Additionally, there is the limitation that the search target is confined to text. For example, when you input "puppy" as text, you cannot find "puppy" in image files that have no description. The images we find by typing a word into Naver or Google are images included in documents like blogs or news articles where that word is mentioned.
As machine learning technology advances, it has become possible to convert various data such as images, videos, audio, and documents (words, paragraphs) into the same form called vector embeddings. By measuring the distances between these vectors, it's now possible to assess the similarity between the original data, leading to a new search technology called vector search.
Vector Embedding - Representing All Data
Vector search overcomes the limitations of Full-Text Search and allows searching based on meaning. If we represent sentences expressing the meaning of "almost no possibility" as vectors, they are located close to each other. Assuming they are expressed in two-dimensional vectors, it would look like this:
Using vector search offers several advantages:
- Consideration of Semantic Similarity: Full-Text Search relies on the exact match of the search term and does not consider context. However, vector search represents data in vector space, considering semantic similarity. This allows you to find not only documents containing the search term but also semantically similar documents even if they don't contain the search term.

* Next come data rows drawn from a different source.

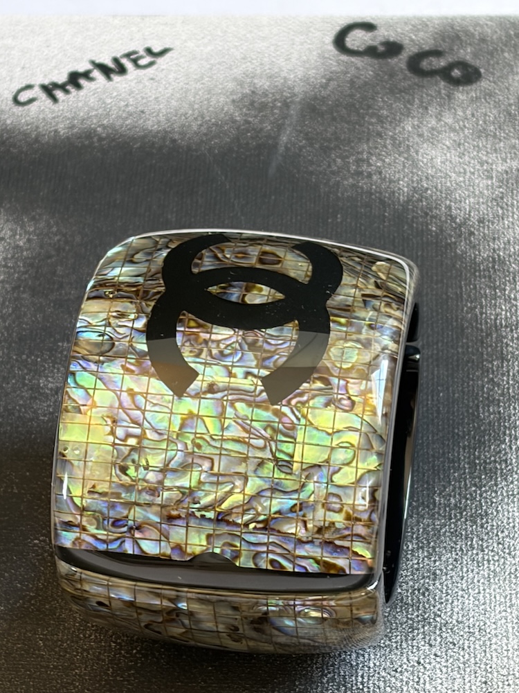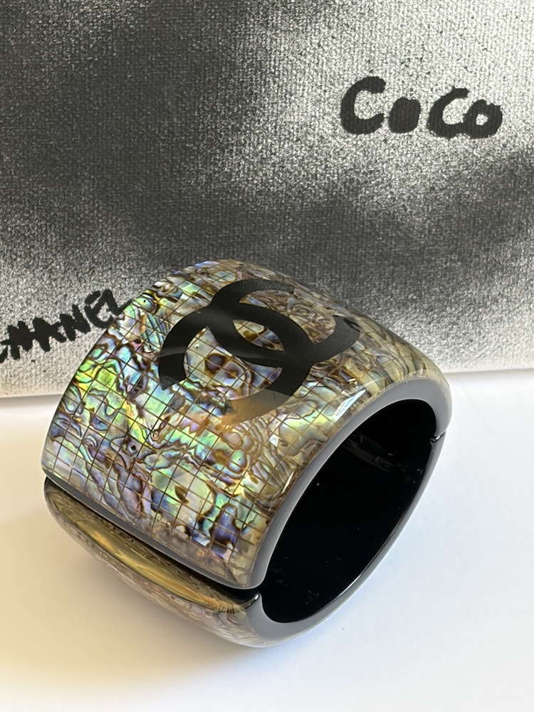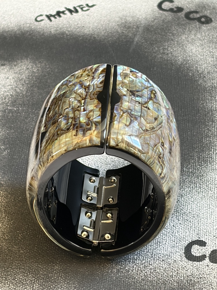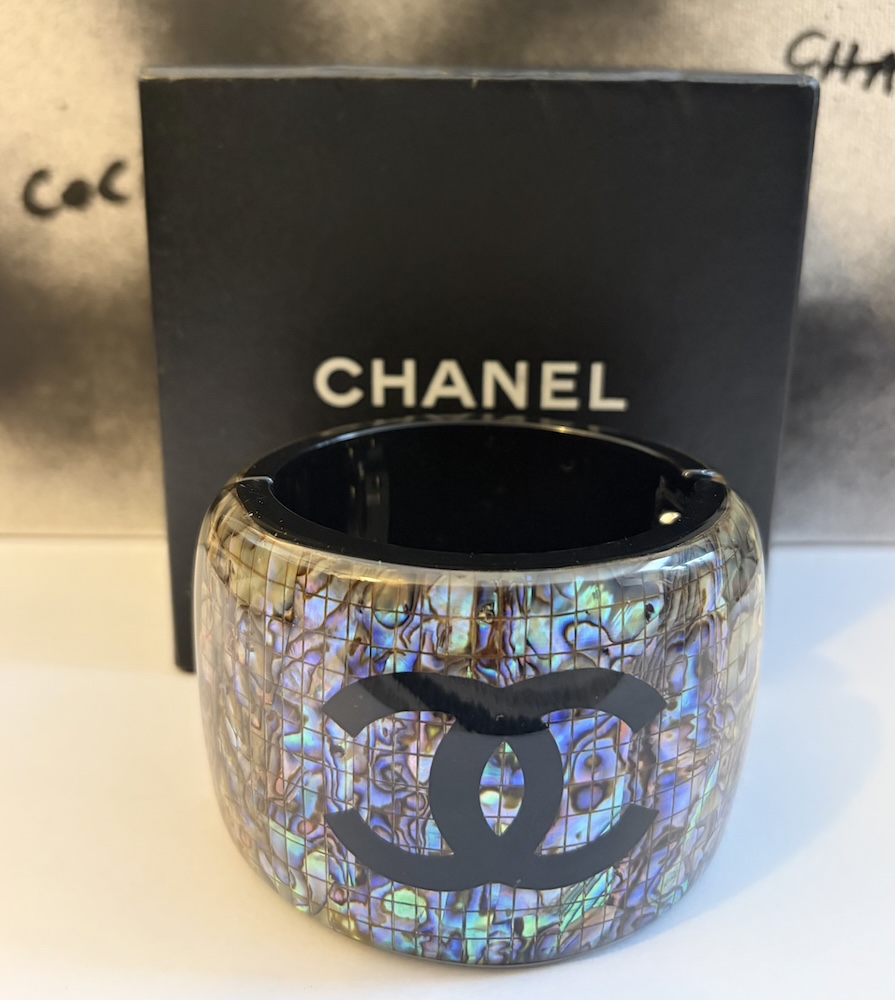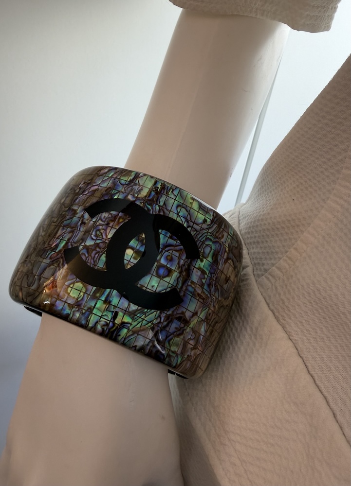 Spring 2012 CHANEL CC Logo Large Iridescent Resin Cuff Bangle Bracelet W/Box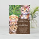 Ces invitations sauvages d'un anniversaire célèbrent le premier anniversaire de votre fille avec un thème de safari jungle. Des animaux mignons kawaii rendent cette invitation adorable !
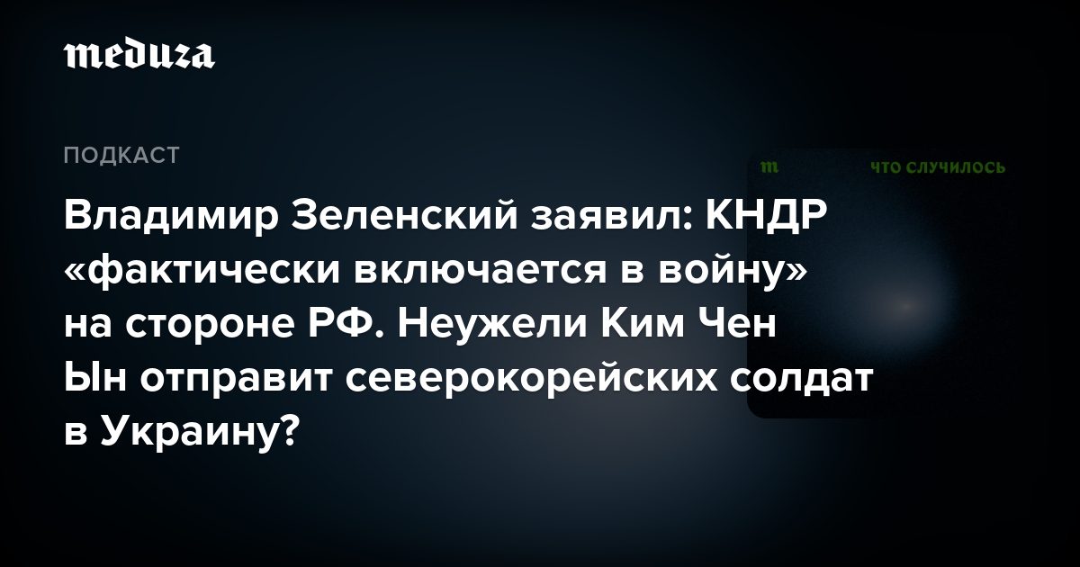 14 октября президент Украины Владимир Зеленский заявил, что КНДР «фактически включается в войну», отправляя своих граждан воевать в Украину в составе российских войск. По данным западных изданий, Северная Корея также поставляет в Россию артиллерийские снаряды и помогает войскам РФ наносить удары по Украине.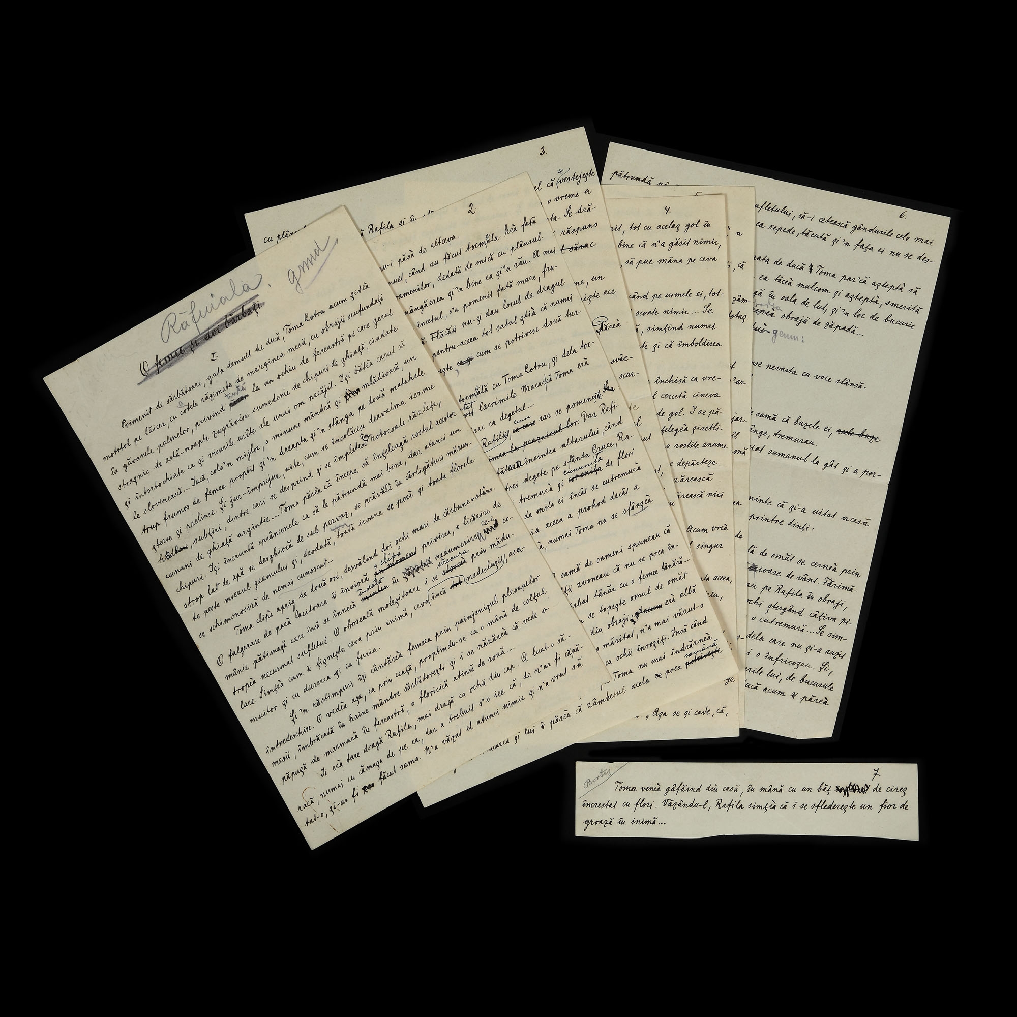 71. Manuscrisul nuvelei ”Răfuiala” (inițial denumită "O femee și doi bărbați), de Liviu Rebreanu, 1909 (șapte file)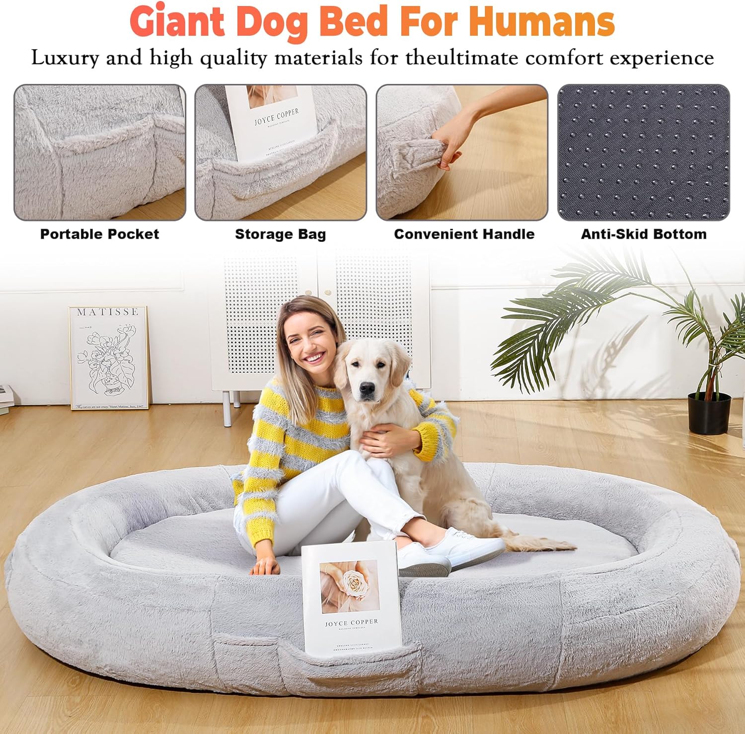 Versatile and Stylish – Our human dog bed transcends singular use, effortlessly complementing any interior aesthetic. It seamlessly integrates into bedrooms, living rooms, and even offices, elevating their allure. Whether you seek a cozy napping nook or a tranquil sleep surface, our bed meets your desires. Plus, its handy side carrying handle ensures you can bring comfort and relaxation with you wherever you go

- Easy Synonym Handling: For example, in Full-Text Search, to search for documents containing "vehicle" with the search term "car," you need separate synonym processing. In contrast, vector search naturally handles synonyms because it represents the meaning of words as vectors.
- Searching Various Data Types: Full-Text Search applies only to text data and is difficult to apply to unstructured data like images, audio, and video. Vector search can process different data types by converting them into vector embeddings, making it effective for searching and analyzing different kinds of data.
- Handling Complex Data: Modern data is very complex and has multidimensional characteristics. Full-Text Search finds it difficult to handle such multidimensional data, but vector search represents multidimensional data as vectors, easily handling complex data structures.
- Improved User Experience Through Enhanced Search Quality: Since vector search considers semantic similarity, customers can quickly find information that fits their intent even if they don't input exact search terms.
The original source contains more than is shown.